Most of the code is just the React/Redux application. The action creators and reducers are located in the src/example/modules
and src/modules
directories following the convention proposed here. The root reducer is located in src/reducer.ts
.
Everything that is server side is located in src/server.tsx
which has a single express
application that is responsible for serving the webpack bundle, HMR, and server side rendering.
You will see a lot of links but they just point to the relevant code or the relevant documentation. Sorry in advance!
ts-node
allows TypeScript to be executed without compiling it in the file system. It is used to start the dev server, to compile the webpack bundle, and/or the server application using only Webpack. It also allows us to have a Webpack config in TypeScript. The only JavaScript files we get are for the production environment when building the application.

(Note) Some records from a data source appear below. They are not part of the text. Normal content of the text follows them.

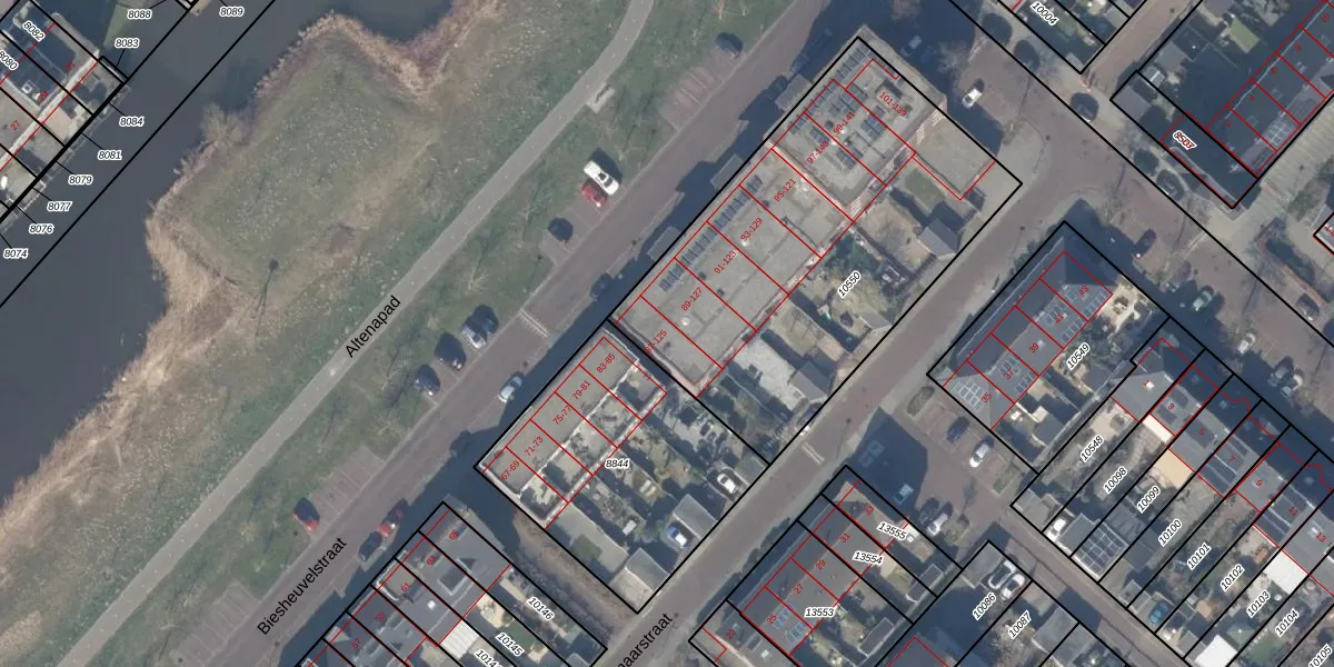 Het perceel waarop Biesheuvelstraat 125 staat heeft een oppervlakte van 1870 m². Dit is een zeer groot perceel. De perceeloppervlakte wordt geregistreerd door het Kadaster. Gedetailleerde informatie over de maten van dit perceel kunt u vinden in het rapport Kadastrale kaart met maatvoering van Biesheuvelstraat 125.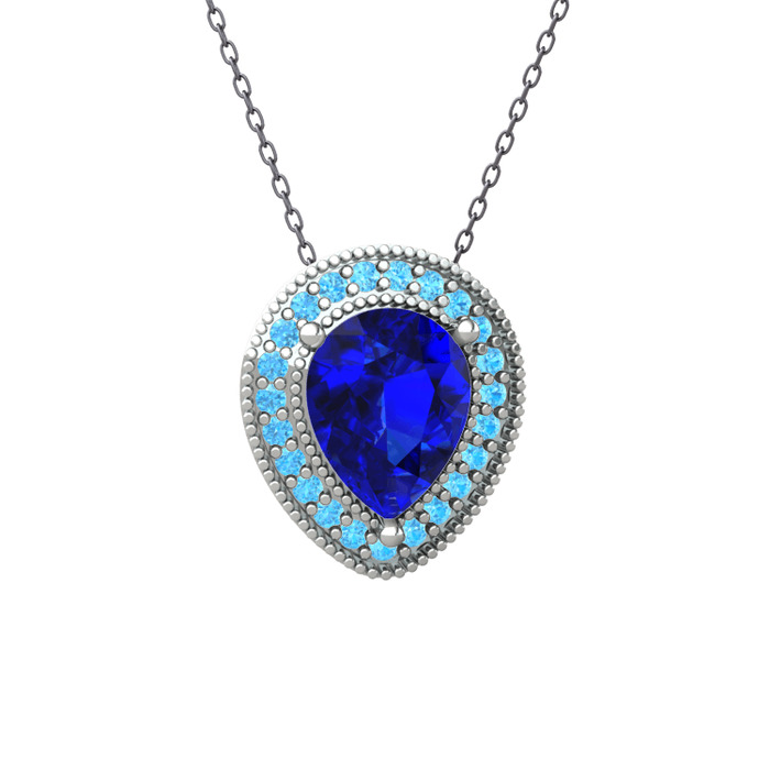 Lab safir ve akuamarin 8 ayar beyaz altın kolye (40 cm gümüş rolo zincir)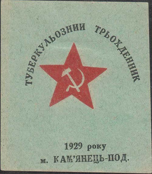 1929 1929 г. Разм. 66 х 84 мм. Двухцветная печать на зелено-серой бумаге. В центре пятиконечная звезда с серпом и молотом. Сверху полукругом текст на украинском языке: «Туберкулезный трехдневник». Внизу текст в две строки на украинском языке: «1929 год г. Каменец-Под[ольский].».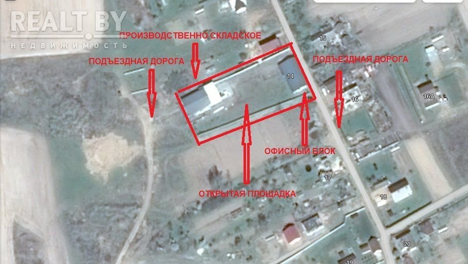 На участке 25 соток расположены два строения: административное 133 м2 и производственное 323,4 м2, территория огорожена металлическим забором. Все выведено в нежилой фонд. Земля в аренде на частном лице, не дорого по сравнению с юр. лицами. Есть две возможности подъезда к участку. Сквозной проезд.

In order to have everything in a single script without adding any extra package the scripts/build.ts
compiles the Webpack bundle and the server application. I recommend that you remove the TypeScript compilation at lines 16-39 and compile it via tsc
. Doing so will use tsconfig.json
and make things more consistent.
In your webpack config you can see that when not in production the following entries are added: react-hot-loader/patch
and webpack-hot-middleware/client
. Because of webpack.optimize.CommonsChunkPlugin
they'll be compiled into a separate JavaScript file that I named hot.js
.
In src/server.tsx
, when not in production we have webpack-dev-middleware
and webpack-hot-middleware
used by the only express
application. They're reponsible of compiling, serving the webpack bundle and hot module replacement.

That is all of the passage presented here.